Hawk walks through the park looking at trees and brown drying plants and realizes that he doesn’t know any of their names. He enters a playground and sits beside a teenage girl nursing a baby, his eye catching the dim figure of a cans man going through the trash outside the circle of bars. On his other side, women talk about their children, as if there were no other stories in the world. Groups of kids not much older than Zoey chase each other with sagging water balloons, screaming with delight, sole proprietors of swings and slides. Hawk waves and makes goo-goo eyes at the young mother’s baby, but the baby looks at him and begins to cry.
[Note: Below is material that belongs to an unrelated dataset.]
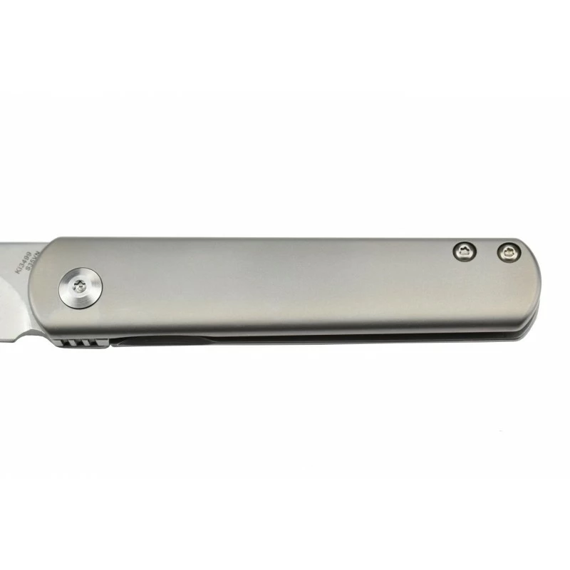 Grâce à ses belles lignes épurées, le Kizer Feist Ki3499 est un couteau pliant qui plait énormément, il dispose d’une allure très moderne, contemporaine. Vous apprécierez très certainement son manche en titane, à la finition parfaitement lisse, si bien qu’il tient très bien en main. Longueur de la poignée : 93mm, avec clip au dos afin de garantir une facilité de port, pour des déplacements et mouvements jamais sans votre couteau Kizer Feist !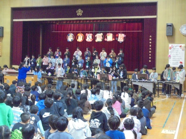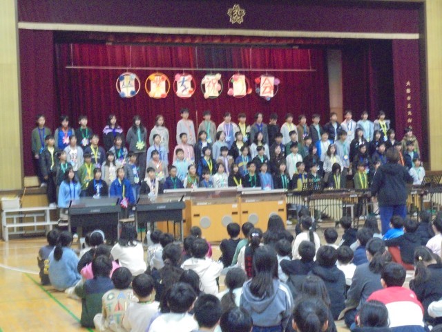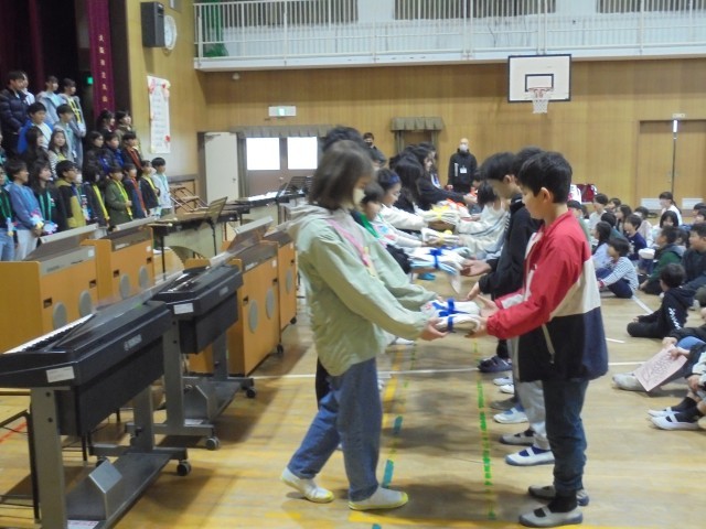 6年生からお礼として、合奏と合唱を披露してくれました。そして、6年生一人ひとりが作った雑巾を各学級にプレゼントしてくれました。6年生の皆さん、ありがとう。

“I need a push for starters,” says a girl on a swing, but when Hawk walks over to give her a push the girl recoils and runs back to one of the women on the bench, who frowns at him.
Hawk slinks out of the playground and at Broadway heads downtown, stopping to eat a few grilled fifty-cent Nathan’s dogs on a bench on a traffic island on Forty-fourth. Bites of news for August 10 scroll by on the side of a building. It’s ninety-six and sunny. Fifteen days in a row over ninety degrees now is believed to be a modern-day record. Cost of the drought for the summer of 1988 is now estimated in the billions. Drought killed 166,000 chickens and 15,000 turkeys in North Carolina last week. Wildfires claimed millions of acres in Yellowstone Park. Mississippi River is at lowest recorded level since 1895. Drinking water salty in Louisiana delta. An ad for Rush Limbaugh on the side of another building changes one dot at a time until Oprah Winfrey emerges. A messenger in a Godzilla suit enters a building carrying colored balloons. Streams of traffic converge on Hawk, but the flashing cars never hit him.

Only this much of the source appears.